Definition of absorption rate

By Mark Holland / last week

What is the absorption rate?

The term absorption rate refers to a metric used in the real estate market to assess the rate at which available homes are sold in a specific market during a given period of time. It is calculated by dividing the number of homes sold in the allotted time period by the total number of homes available. This equation can also be reversed to identify the amount of time it would take for the supply to be sold. Absorption rates are also a key part of the accounting industry.
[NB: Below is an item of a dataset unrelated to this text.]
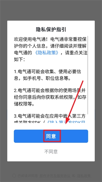 首先安装电气通,安装完成后打开该应用,打开时需先同意隐私保护指引。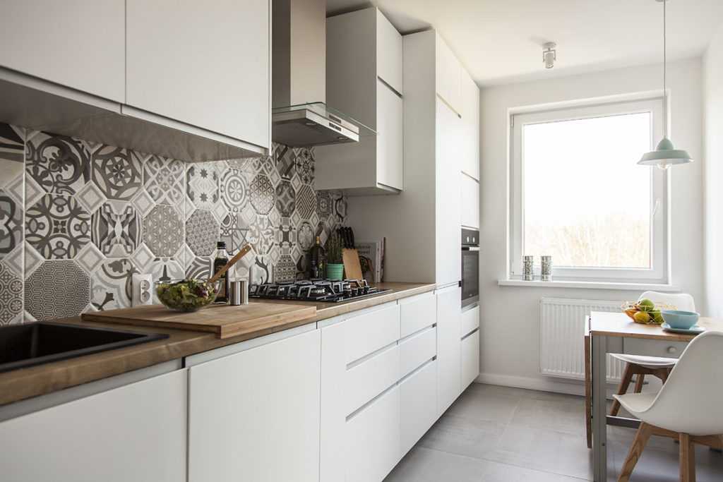 Керамическая плитка — от данного способа отделки стен в небольшом помещении лучше отказаться, так как плитка визуально сделает кухню еще меньше и создаст в ней эффект коробки. Использовать керамическую плитку можно лишь при отделке кухонного фартука и рабочей зоны.

In this context, the absorption rate refers to the way companies calculate their overhead costs.

Key takeaways

• The absorption rate is commonly used in the real estate market to determine how many homes are selling in a market at any given time.
• The equation can also be used to calculate how long it would take to sell the home supply on the market.
• An absorption rate above 20% has indicated a seller’s market and an absorption rate below 15% is an indicator of a buyer’s market.
• Absorption rates are also used to determine overhead costs in accounting.
• Businesses generally use estimates to calculate their overheads, which means they have to make adjustments to their balance sheets when actual costs come in.

Understand the absorption rate

The absorption rate provides information on how fast or slow houses are selling on the real estate market. An absorption rate does not take into account additional homes that enter the market at different times. That’s because this only provides a figure based on currently available data.

A high absorption rate may indicate that the supply of available homes will shrink rapidly, indicating that a homeowner will sell their property in a shorter period of time. Traditionally, an absorption rate greater than 20% indicates a seller’s market in which homes are selling quickly. An absorption rate below 15% is an indicator of a buyer’s market where homes are not selling as quickly.

Influence on the real estate market

In market conditions with low absorption rates, a real estate agent may be forced to lower the listing price to attract a sale. Alternatively, the agent can raise the price without sacrificing demand for the home if the market has a high absorption rate. The absorption rate is also important for buyers and sellers to follow while making decisions about the timing of purchases and sales.

The absorption rate can be a signal for developers to start building new homes. In market conditions with a high absorption rate, the demand may be high enough to justify further development of the properties. Meanwhile, periods with lower absorption rates indicate a cooling period for construction.

Appraisers use the absorption rate to determine the value of a property. Some procedures require an appendix showing that absorption rates were considered in the appraisal calculations. In general, appraisers are responsible for analyzing market conditions and maintaining an understanding of absorption rates for all types of appraised values.

Most appraisers include this data metric in the neighborhood section of appraisal forms. The current valuation of a home would decrease during periods of declining absorption rates and increase when absorption rates are high.

Absorption rate example

Suppose a city has 1,000 houses currently on the market to be sold. If buyers purchase 100 homes per month, the absorption rate is 10% (100 homes sold per month divided by 1,000 homes available for sale). This also indicates that the supply of homes will be exhausted in 10 months (1,000 homes divided by 100 homes sold / month).

Absorption rate in accounting

As mentioned above, the accounting industry also uses absorption rates. This is the rate at which businesses calculate their overhead. These are the costs associated with supplying goods and services to your customers. As such, it is also often called the air absorption rate.

Businesses often have to use estimates to determine their overhead costs. That’s because they don’t know what the real costs are until they come in. To determine their overhead, companies divide their budgeted overhead divided by the total budgeted production base. This requires an adjustment at the end of the accounting period to make up for any difference between expected and actual costs.

This can be problematic, especially when companies use very conservative estimates to predict their costs. Doing so can upset your balance sheets because actual costs may be higher at the end of the reporting period or if costs fluctuate.

What is the formula for the absorption rate in real estate?

To find the absorption rate in real estate, divide the total number of homes sold in a specific time period by the total number of homes available in that market.

What is a 6 month absorption rate?

Absorption rates indicate how long it takes to sell homes in a given market. A six-month absorption rate indicates a balanced market, so buyers and sellers benefit equally during this environment.

How is a monthly absorption rate calculated?

To determine a monthly absorption rate, take the total number of homes sold on the market and divide it by 12.

The bottom line

The absorption rate is a very important metric that is used in the real estate and accounting industries. Real estate agents use it to determine how many houses are selling in a particular area at any given time. These professionals can also use the rate to determine the type of market they face, be it a buyers, sellers, or balanced market. This rate is also important for the construction industry, as it indicates when developers should start buying. Equally important is how this rate is used in the accounting field, especially for companies to estimate their overhead. You can use the formulas above to determine these rates.